{One moonlit night with little to no prospect of success.}
{A secret that proved harder by night to protect.}
{The passage home was long.}
{Before the others awoke.}
Yesterday, seated in a tiny café with a friend destined soon to traverse distant lands, Louise and I spoke of our printed zines and a little of our recent work for our exhibition forthcoming. To our friend and her silver recording device, we spoke of a sense of nostalgia that is never far from frame in both our individual work and our collaborative pieces.
A key to help make your own world visible is not so much a departure from previous work, but rather, it is a different element polished and brought to the fore. Some elements are new and others more familiar are still to be reshaped. All, we hope, shall have new light shed upon them, a different element lit, if you like.

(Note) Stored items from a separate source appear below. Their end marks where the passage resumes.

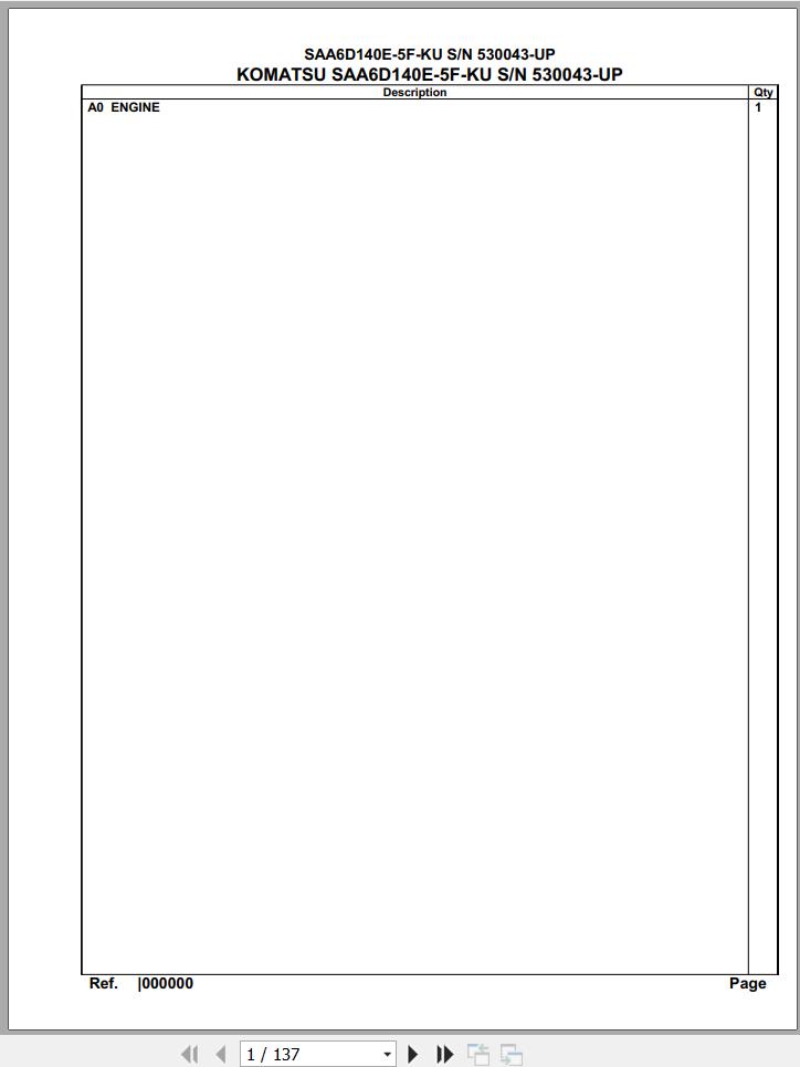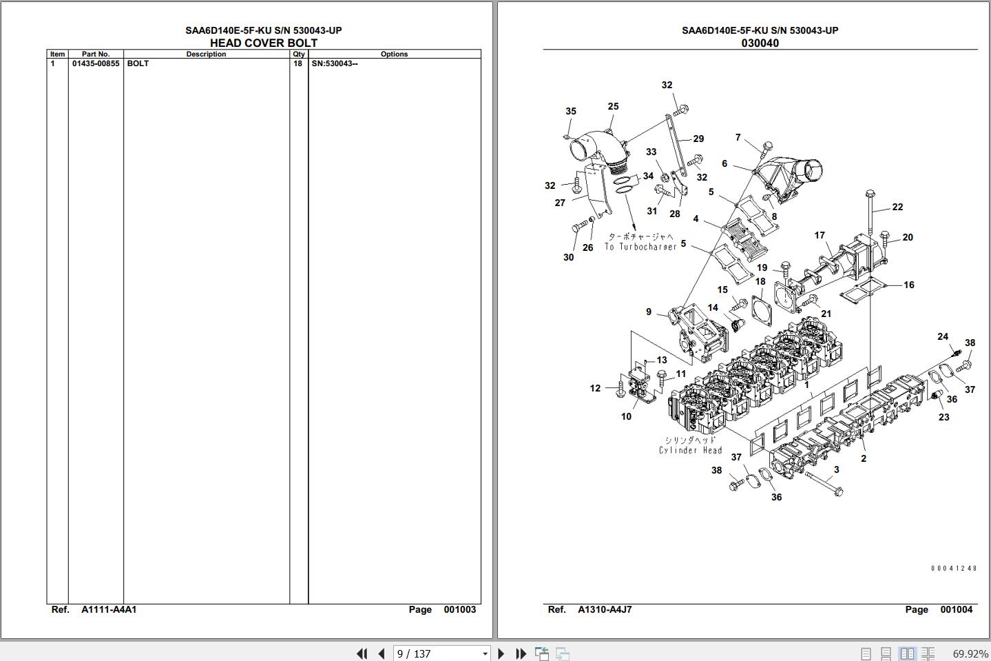 Komatsu Engine SAA6D140E-5F-KU 530043 Up Spare Parts Catalog
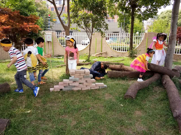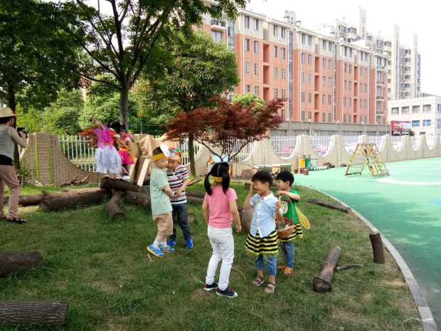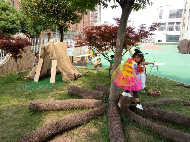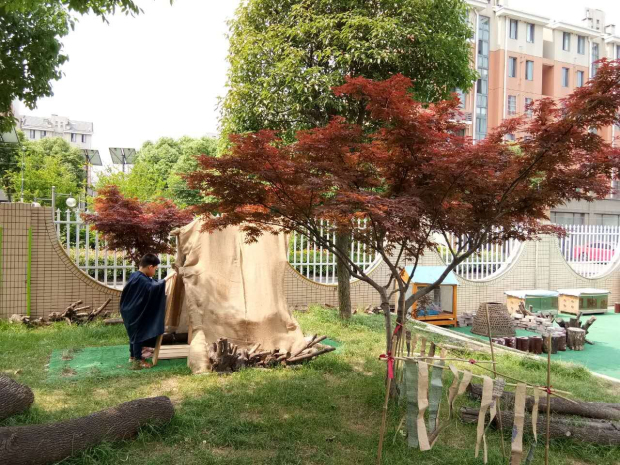 户外表演游戏,利用现有的生态环境资源是非常不错的。孩子们游戏的兴趣也随着场地的变换而不断浓厚,往年的表演游戏都在教室进行,空间小,孩子们的表演往往受局限,跑几步就到目的地了,表演的不尽兴!现在场地变成了户外,孩子们活动范围广了,更有现成的木屋,小树林做家,更贴近故事原有的情节,孩子们的表演也更形象。在室内表演时,场景布置道具都要老师和幼儿一起制作,而户外表演时,我们可以充分利用现有的环境资源,不用再费心费力做道具了!
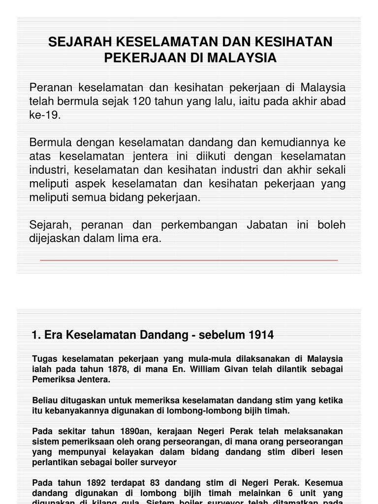 Sejaran Dan Perkembangan Akta Keselamatan Dan Kesihatan Pekerjaan

Often our work is dotted with fragmented keepsakes, and that is especially true of the work we have created and are still in the middle of creating for this exhibition. Our keepsakes, our objects gathered, perhaps they are not all they appear at first cursory glance. Perhaps these objects, as Jean Cocteau mused, take "advantage of our habit of believing them to be immobile" (Jean Cocteau, Beauty and the Beast: Diary of a Film, Dover Publications, p.101.). I'd like to think the same applies to my animals that softly pad their way through a handful of recent postcard collages.